Metamorphosis

Nature teaches; poets help us see and learn

Metamorphosis
Photo by the author

JOHANN WOLFGANG von GOETHE is most famous for “Faust,’ his epic poem rich with the spirit of the Enlightenment. He famously explored the quest for knowledge by using a character so intent on it that he makes a pact with the Devil to acquire even more.

To be sure, Goethe was himself interested in many things, including science. In another of his poems, he explored The Metamorphosis of Plants. A small and beautifully illustrated book by Gordon L. Miller focuses on this work. The book is a good companion this time of year when we routinely see sights such as captured in the photo above. Miller uses his own excellent photographs to illustrate his book.

What interested Goethe was a fuller understanding of what nature, through close observation, could teach. What he celebrates in his poem is the plant’s ability to regenerate itself. The leaf is perhaps most emblematic of this process because one can readily follow the emerging bud in Spring, the showy photosynthesis in Summer, the flamboyant dying leaf in Autumn, and the dead and decaying foliage on the garden ground in Winter. And then it all repeats itself.

Goethe’s ideas on nature piqued the interest of transcendentalists Ralph Waldo Emerson and Henry David Thoreau in America. (Miller, page xxv). From them we can trace some of today’s emphasis on environmentalism as a political movement. Ironically, Thoreau’s Walden Pond today is surrounded by Boston-area urbanization, and it has been preserved as a Massachusetts state park. Having just returned from a short visit to Los Angeles, I am reminded of the alarming separation from Nature that urban sprawl produces. Little of nature is observable in American cities, except perhaps for parks and gardens. Even these are usually not “natural;” they are human managed. Preservation within an urban area is an uncommon asset, but parks are often abused. In Los Angeles, famed MacArthur Park is tragically blighted. New York’s Central Park, by contrast, is an oasis teeming with beauty.

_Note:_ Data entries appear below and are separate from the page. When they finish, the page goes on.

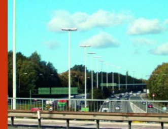
In 1935 begon men plannen voor een ring rond Brussel te smeden. Sinds 1974 is de Kaudenaardewijk totaal afgesneden van de Moortebeekwijk.

De familie De Viron verkavelde haar gronden in de Kaudenaardewijk en de andere grote eigenaars volgden. Tussen 1920 en 1930 bouwden rijke Brusselaars hier hun villa's. "In Dilbeek bouwen is geld uitzetten met verzekerde toekomst en tevens ook zijn eigen bestaan verfraaien in gezondheid en geluk" beloofde men toen. Voor de minder gegoede arbeiders werd in Moortebeek een tuinwijk aangelegd. Zeven architecten, o.a. Diongre en Brunfaut, bouwden op een oppervlakte van 20 hectaren op drie jaar tijd 360 woningen. De huizen worden nog steeds gemeenschappelijk onderhouden. De verzorgde tuintjes en de intussen 80-jarige bomen maken van deze wijk een oase in het drukke Anderlecht. Deze stadswandeling is een aanrader voor iedereen die van architectuur houdt.
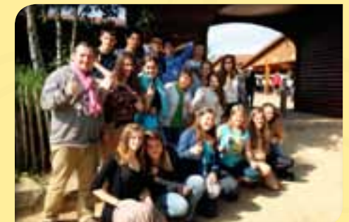
Séjour à Taizé
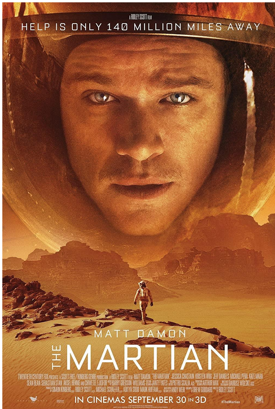
Film poster for The Martian , dir. Ridley Scott, 2015
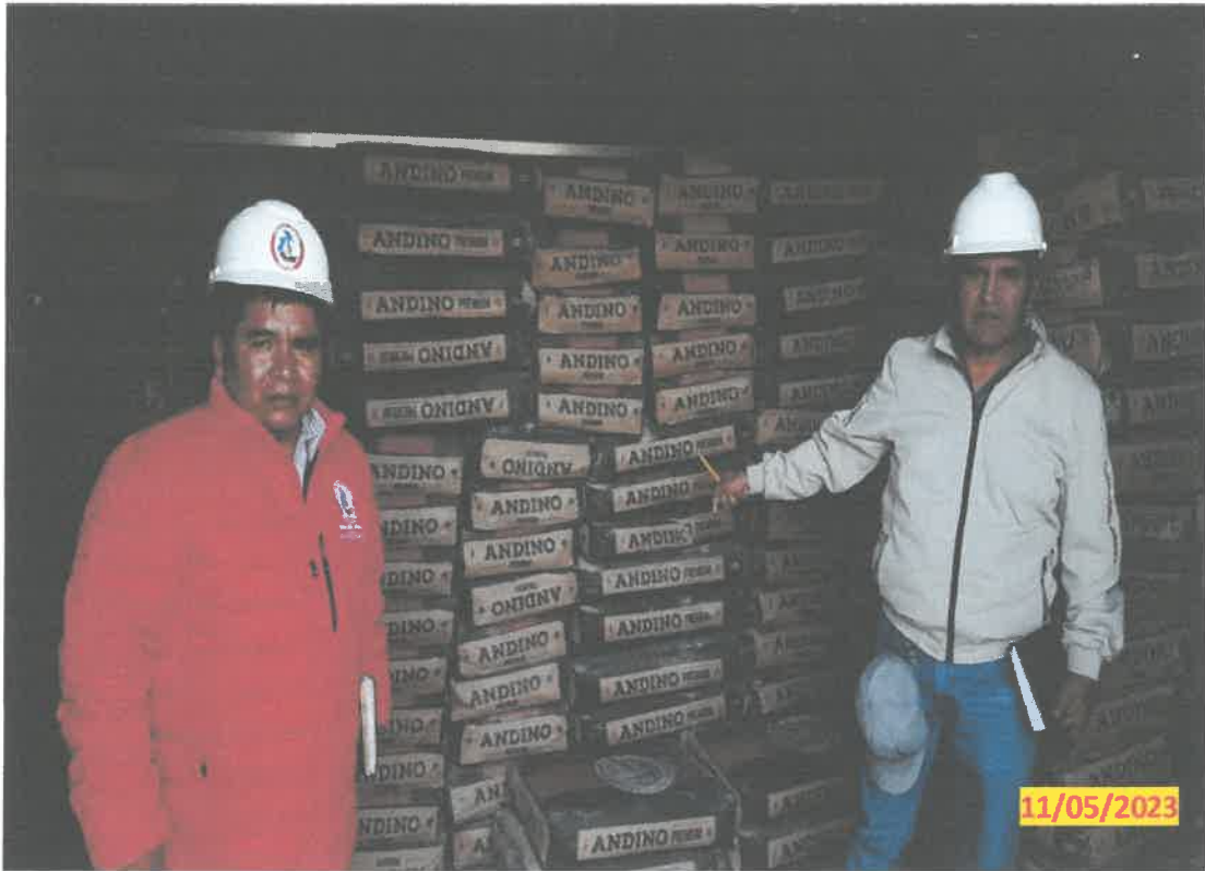
IMG. 05.- Vista de la verificación del almacenamiento del cemento portland tipo I en la obra.
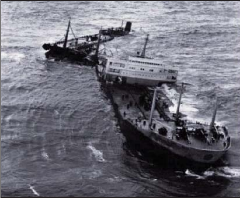
: El "Torrey Canyon" tras partirse en dos.

Cerros de Ubeda o, simplemente, prefieran ver la película sin sufrir el cine-forum, sepan que éste artículo es "interactivo" y que pueden saltarse sin más el siguiente capítulo.
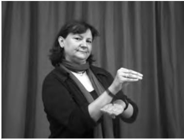
a. 1-ENSENYAR-3 'Jo li ensenyo'
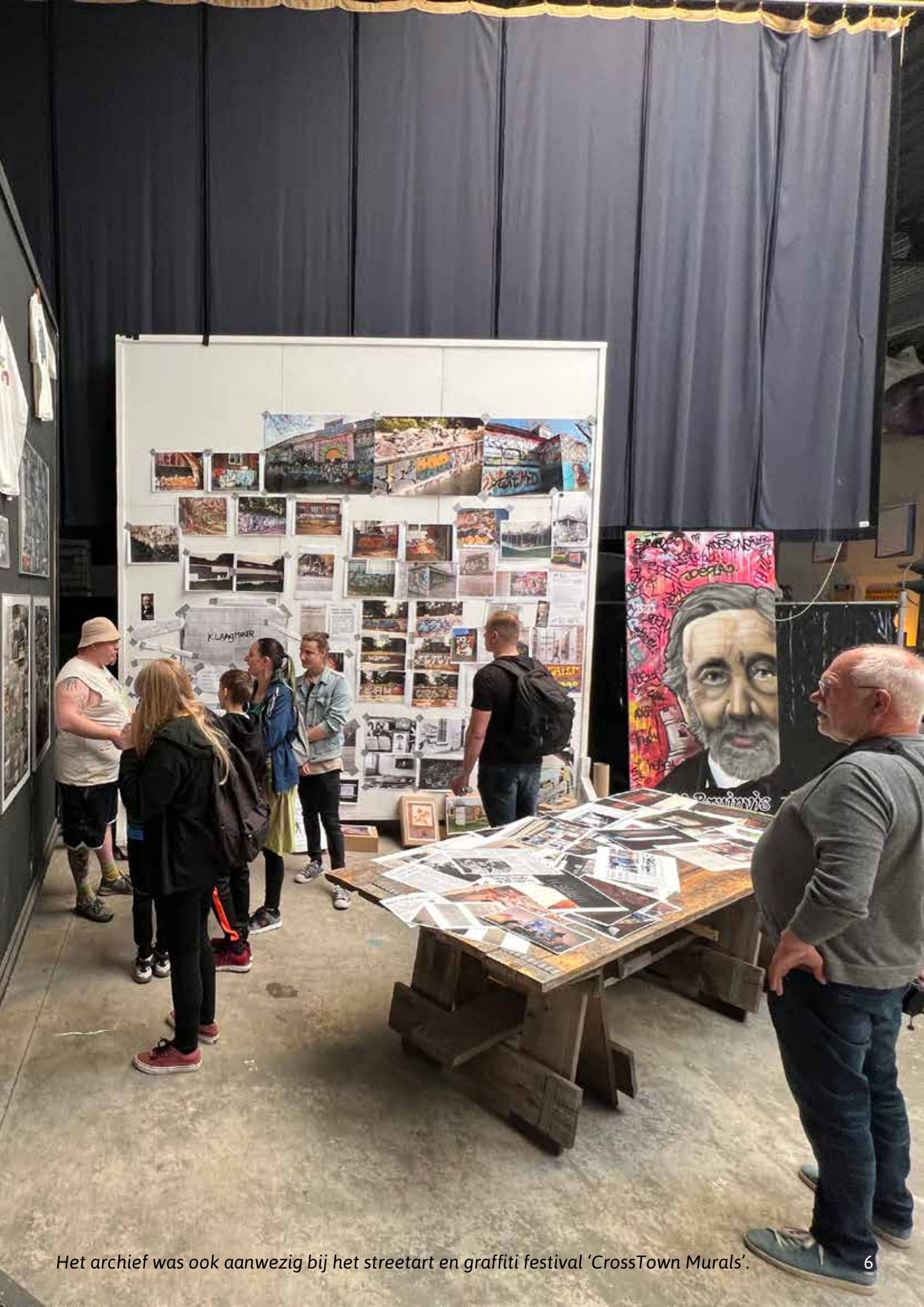
Het archief was ook aanwezig bij het streetart en graffiti festival 'CrossTown Murals'.

Another poet who considered life phases is William Cullen Bryant, whose 230th birthday was a week ago. Bryant’s poem Thanatopsis is about death and regeneration. While the leaf above is beautiful, it also is dying. Bryant suggests that when thoughts of death pop up in one’s mind, one can “go forth under the open sky and list to nature’s teachings.” The experience perhaps will shake the observer from foreboding and instill a recognition of both regeneration and the privilege of life.

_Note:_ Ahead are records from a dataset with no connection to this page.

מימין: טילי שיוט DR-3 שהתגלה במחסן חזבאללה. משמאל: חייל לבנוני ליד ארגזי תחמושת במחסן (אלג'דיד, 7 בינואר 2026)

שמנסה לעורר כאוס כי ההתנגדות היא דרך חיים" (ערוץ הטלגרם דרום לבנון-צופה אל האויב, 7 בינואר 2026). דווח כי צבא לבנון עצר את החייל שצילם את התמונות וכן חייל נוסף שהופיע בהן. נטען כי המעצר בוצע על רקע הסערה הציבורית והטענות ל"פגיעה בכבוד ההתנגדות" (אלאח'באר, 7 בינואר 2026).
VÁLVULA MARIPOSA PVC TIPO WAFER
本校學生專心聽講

In these two poems we read of life, death and regeneration, and the states of change that those of us who live to old age experience. Literature, legend, and faith are replete with the idea of metamorphosis, prompting one to wonder if it was observation of Nature that birthed the notion of transformation. Writers as diverse as Ovid and Franz Kafka wrote works under that title. There are many other examples, even in religion. Metamorphosis in plants might be linked to the New Testament image of the transfiguration of Christ, in which the man who was crucified is seen by his disciples as a transformed being floating above the mountain where they had been praying. Greek mythology, too, is rich with stories of metamorphoses. Circe, for example, had the capacity to turn humans into animals (such was the fate of Odysseus’s crew whom she transformed into swine). People today evidently long for an adventure in transformation by turning themselves into all variety of beasts, animals, witches and skeletons at Halloween.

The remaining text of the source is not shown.